§ What the task asks: Print, word for word, the opening line of the data below and every line after it through the line that contains "Оказывается, можно не", but not the pictures.

§ Provided information:

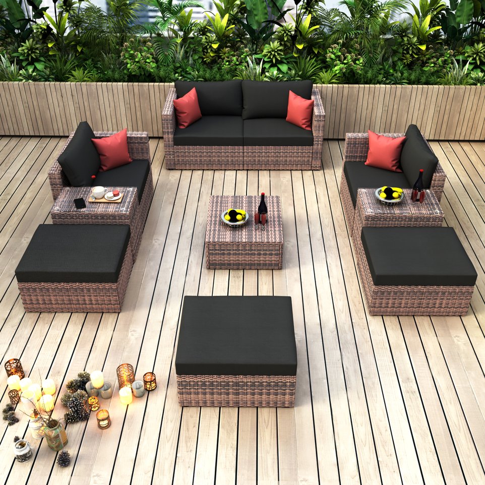 - Materials & finish: Weather-resistant brown wicker over a sturdy metal frame with high-end outdoor powder coating; cushions in black fabric with red accent pillows.
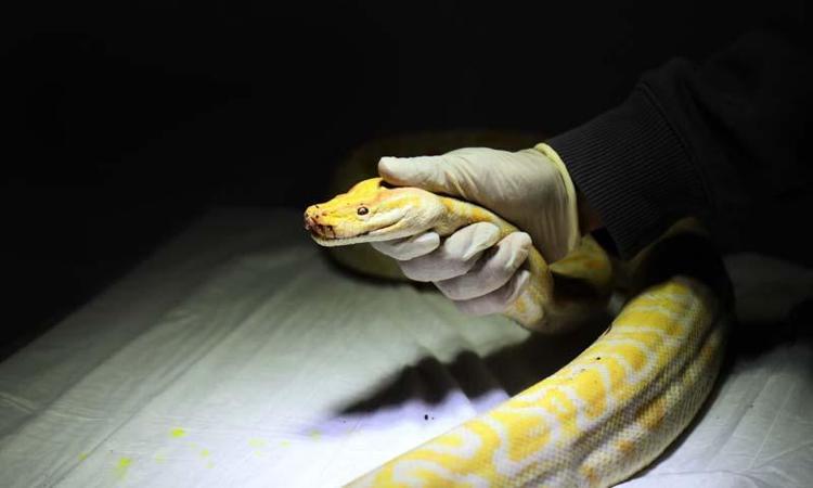 Türkiye'ye kaçak yollarla sokulduğu tespit edilip, Tarım ve Orman Bakanlığı ekiplerince el koyulan albino piton, Antalya Büyükşehir Belediyesi Doğal Yaşam Parkı'na teslim edildi. Kontrolden geçirilen piton, karantina sonrası sürüngen evinde yaşayacak.
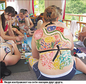 Оказывается, можно не только уйти в себя, но и нырнуть, глубоко погрузиться в свой внутренний мир. Погружение происходит при помощи методики арт-дайвинга. Как это выглядит? Собирается группа людей, которые разбиваются на пары и рисуют на телах друг друга все, что душе хочется. Один из авторов арт-дайвинга, художник Виктор ЧЕРВЯКОВ, уверяет, что это не просто уроки рисования на теле.
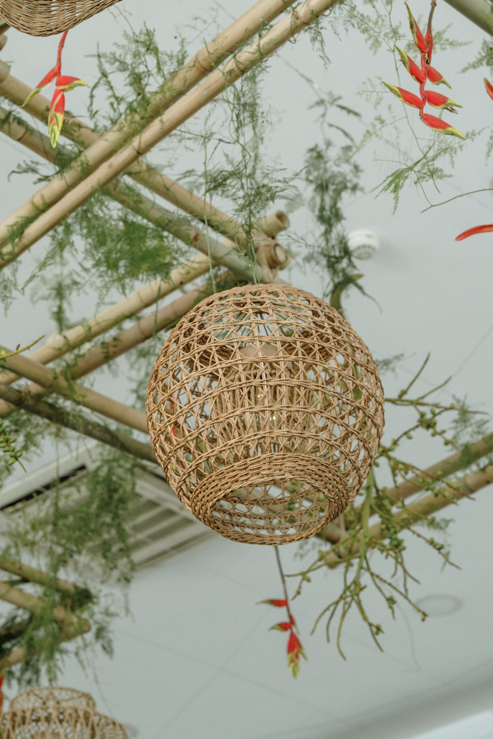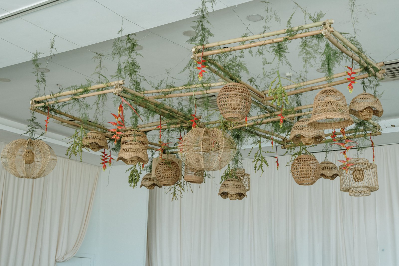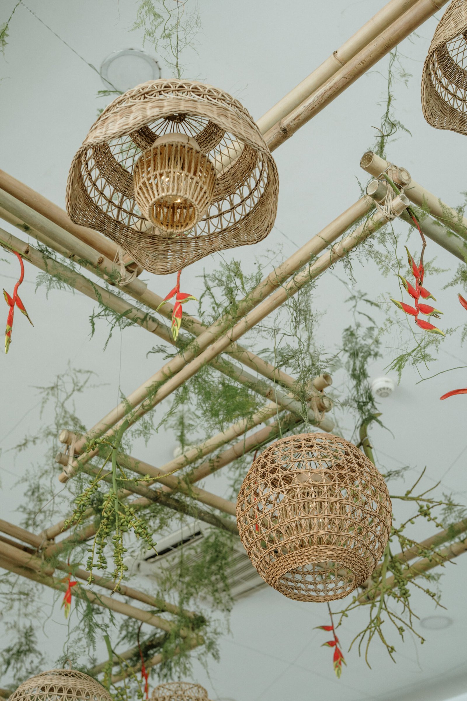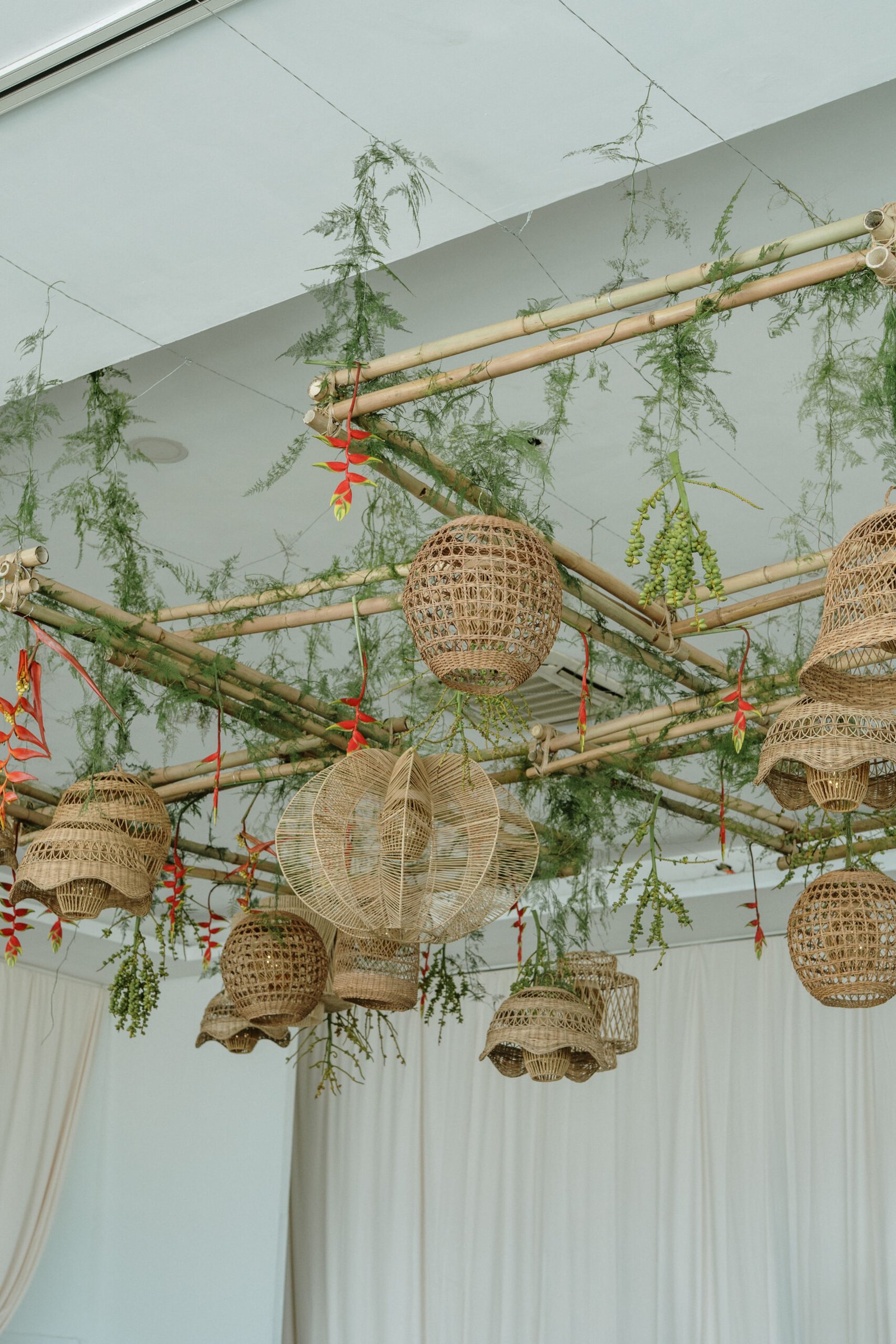 This wedding design explored volume through foliage. It wasn’t about abundance it was about shape! The look was lush but intentional: braided greens, sculptural heliconias, and textured compositions that added air and movement instead of clutter.
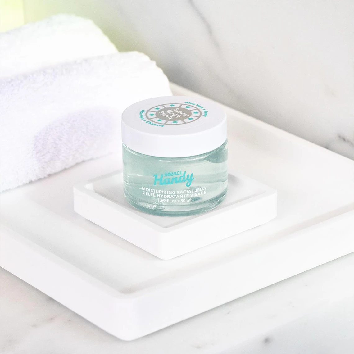 Tel un nuage de fraicheur, la Gelée Visage Hydratante 50ml de la marque Merci Handy prend soin de la peau chaque jour. Sa texture légère, douce et non grasse, adaptée pour tous les types de peau, procure une sensation exquise de fraicheur à l’application et tout au long de la journée – de la nuit.
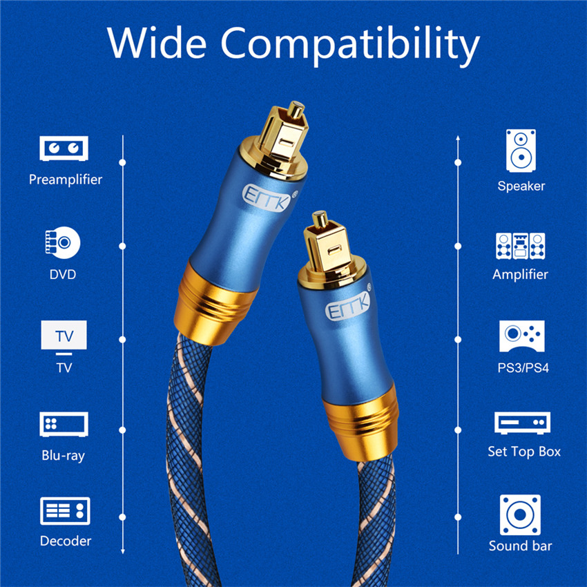 EMK цифровой оптический аудио кабель Toslink волоконно-оптический аудио кабель 1 м 2 м 3 м 10 м 15 м для Hi-Fi DVD CD TV
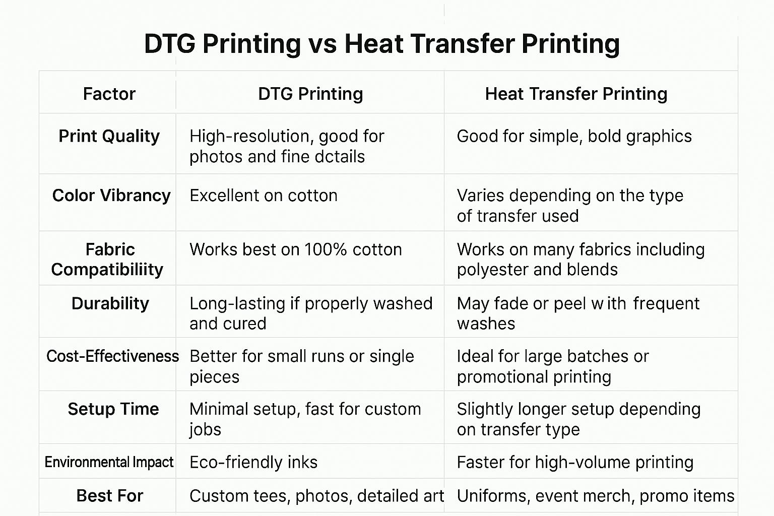 When comparing DTG vs heat transfer printing, it all comes down to your specific needs. DTG is perfect for soft, photo-like prints on cotton apparel, while heat transfer shines for bold designs and printing on multiple fabric types.
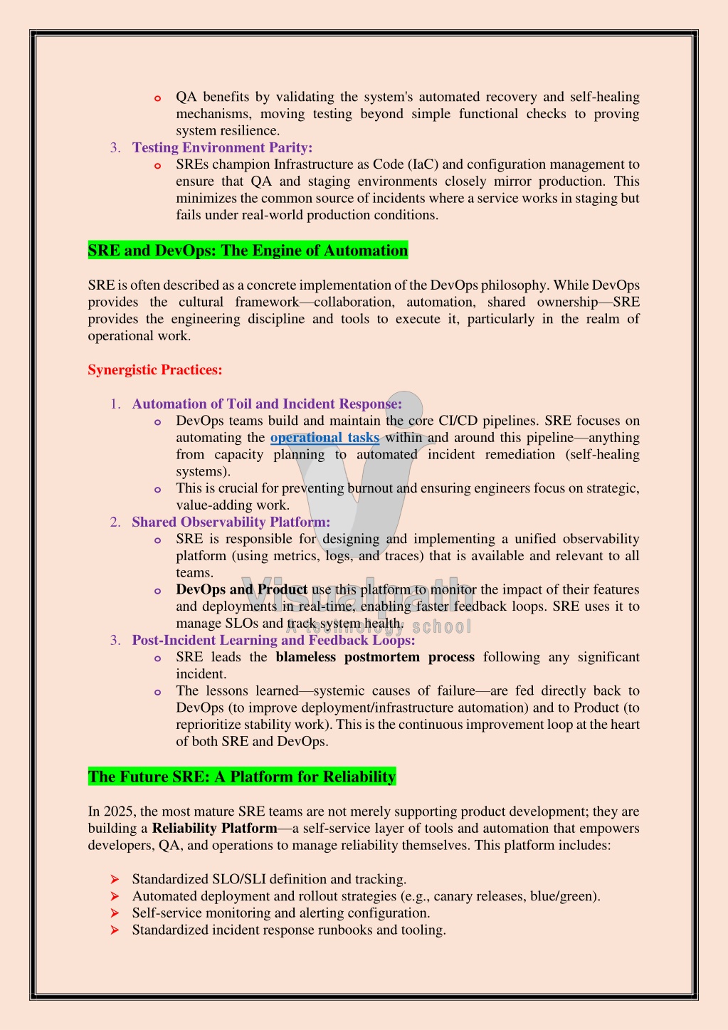 oQA benefits by validating the system's automated recovery and self-healing mechanisms, moving testing beyond simple functional checks to proving system resilience. 3.Testing Environment Parity: oSREs champion Infrastructure as Code (IaC) and configuration management to ensure that QA and staging environments closely mirror production. This minimizes the common source of incidents where a service works in staging but fails under real-world production conditions. SRE and DevOps: The Engine of Automation SRE is often described as a concrete implementation of the DevOps philosophy. While DevOps provides the cultural framework—collaboration, automation, shared ownership—SRE provides the engineering discipline and tools to execute it, particularly in the realm of operational work. Synergistic Practices: 1.Automation of Toil and Incident Response: oDevOps teams build and maintain the core CI/CD pipelines. SRE focuses on automating the operational tasks within and around this pipeline—anything from capacity planning to automated incident remediation (self-healing systems). oThis is crucial for preventing burnout and ensuring engineers focus on strategic, value-adding work. 2.Shared Observability Platform: oSRE is responsible for designing and implementing a unified observability platform (using metrics, logs, and traces) that is available and relevant to all teams. oDevOps and Product use this platform to monitor the impact of their features and deployments in real-time, enabling faster feedback loops. SRE uses it to manage SLOs and track system health. 3.Post-Incident Learning and Feedback Loops: oSRE leads the blameless postmortem process following any significant incident. oThe lessons learned—systemic causes of failure—are fed directly back to DevOps (to improve deployment/infrastructure automation) and to Product (to reprioritize stability work). This is the continuous improvement loop at the heart of both SRE and DevOps. The Future SRE: A Platform for Reliability In 2025, the most mature SRE teams are not merely supporting product development; they are building a Reliability Platform—a self-service layer of tools and automation that empowers developers, QA, and operations to manage reliability themselves. This platform includes: Standardized SLO/SLI definition and tracking. Automated deployment and rollout strategies (e.g., canary releases, blue/green). Self-service monitoring and alerting configuration. Standardized incident response runbooks and tooling.

§ Answer space:
 - Materials & finish: Weather-resistant brown wicker over a sturdy metal frame with high-end outdoor powder coating; cushions in black fabric with red accent pillows.
 Türkiye'ye kaçak yollarla sokulduğu tespit edilip, Tarım ve Orman Bakanlığı ekiplerince el koyulan albino piton, Antalya Büyükşehir Belediyesi Doğal Yaşam Parkı'na teslim edildi. Kontrolden geçirilen piton, karantina sonrası sürüngen evinde yaşayacak.
 Оказывается, можно не только уйти в себя, но и нырнуть, глубоко погрузиться в свой внутренний мир. Погружение происходит при помощи методики арт-дайвинга. Как это выглядит? Собирается группа людей, которые разбиваются на пары и рисуют на телах друг друга все, что душе хочется. Один из авторов арт-дайвинга, художник Виктор ЧЕРВЯКОВ, уверяет, что это не просто уроки рисования на теле.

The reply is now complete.